"If the only prayer you ever say in your entire life is 'thank you', it will be enough."
Meister Eckhart
Photo: Filip Van Kerckhoven
Something that I've been quite preoccupied with over the past few weeks is the concept (or rather the practice) of gratitude.
Gratitude is something I have had my attention on for some time. Over the past few years I have developed a kind of habit of inserting a conscious moment of gratitude a few times a day. In the morning and in the evening, but also several times during the day.
And as I do this more and more, the awareness grows that every single moment is worthy of some form of gratitude.
There is so much to be grateful for, every day. We may know that with our heads, but as with everything it is quite another thing to really feel it.
It is so: any impulse or experience that is constant disappears after a while from our attention, from our awareness and appreciation. We can only really perceive something in contrast to another experience.
When our grandparents could make water run from a faucet for the first time simply by turning a lever, it must have been a real source of wonder and joy and gratitude. Even more so if that water was warm, too. Now turning on the tap fill the bathtub is something that will rarely, if ever, stir our hearts with a wave of gratitude and joy. It has become ‘normal’, taken for granted.
Replace ‘water from the tap’ with just about any facet of our rich Western industrialized world, and you get a picture of a society in which gratitude does not really occupy a central place in awareness. A well-stocked refrigerator, a big house with central heating and all possible electronic gadgets, one or two cars in front of the door, several pairs of shoes and closets containing more than we can ever wear,...
Everything that seemed a distant dream to our grandparents or their parents, we have all of it and more.
But how much gratitude do we really experience on a daily basis? And I mean REALLY, not just a fleeting instant,
The conscious and daily practice of gratitude is a self-reinforcing process: as I become more attentive to gratitude, I also become much more aware of all that I am grateful for: the many big and small things in every day's life that are wonderful, but that we easily forget in the hustle and bustle and daily rush, or that we give too little attention to because we so easily focus all our attention on the problems or challenges we experience. And because of that increased attention on gratitude, I generally feel much more present and alive in the moment, and more observant and alert. And that in turn makes it easier to be grateful.... it's a vicious circle that leads to ever more well-being and...gratitude.
But I know: sometimes we go through things that seemingly leave little room for gratitude: illness, job loss, work-related stress, problems with the kids or even the death of a loved one or friend or family member. Especially in such circumstances, practicing gratitude can seem an almost impossible challenge. Yet I have felt and experienced reasons for gratitude even in such circumstances. Whether we can experience such aspects during very painful periods also depends on the perspective we have on the whole process, and how we choose to be present in that process - because to a large extent that remains a choice.

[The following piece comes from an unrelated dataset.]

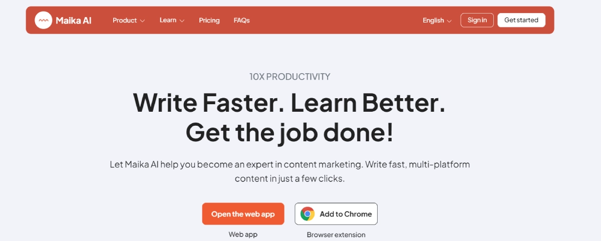 PaidMaika AI is an automatic content creation assistant that streamlines the content creation process. This multifunctional toolkit automates tasks, especially repetitive ones, to save time and enhance output quality. Tailored for content marketing, Maika AI offers features like AI research, content creation in 40+ templates, article and YouTube video summaries, and a knowledge organizer. With various pricing options available, including a free plan for a taste of AI writing, a premium plan at $8.90 for individual creators, and an enterprise plan with custom packages and support, Maika AI caters to diverse user needs. Additionally, there's a pay-as-you-go option priced at $4.50 for one-time payments without monthly commitments.

And practicing gratitude is like exercising muscles: the more you do it, the stronger and bigger the muscles become, and the exercise can also grow and develop further in that self-reinforcing process. I can only heartily recommend it as a daily practice!
As to how I specifically do that every day, I want to write a longer post another time.
Any stimulus or experience that is constant disappears from our focus and attention and awareness after a while.
So does the experience of living on a planet that is extremely hospitable to the phenomenon of life, where for over ten thousand years an almost perfect temperature and climate has provided the ideal conditions for our development of the phenomenon of ‘civilization’ (a word I always put in quotation marks because I believe we have not yet reached the stage of true civilization), a planet so rich in such an abundant variety of unimaginably beautiful life forms engaged in such an improbably complex and harmonious dance that leads to ever more splendor and complexity. A planet where every square inch of soil or water is teeming with life - one tablespoon of fertile soil is home to some six billion microorganisms, all contributing to the fertility of that soil. I've mentioned that fact before, but it never ceases to amaze me how our Earth is so full of life (and how we need to nurture and protect that life so much).
And fertile soil brings me to what I now want to feel more gratitude for, consciously and slowly and with my full attention: the food that is on my plate every day.
But that's for another musing.
I wish you a wonderful day, and a moment of gratitude. I am already trying to extend some of that gratitude every day to the planet on which I am privileged to live. Truly the coolest planet in our solar system. If you doubt that, try Venus. It is 800 degrees Fahrenheit there and raining sulfuric acid. No, anyone born on our planet has won the lottery because of that alone.
All the best, and until the next episode.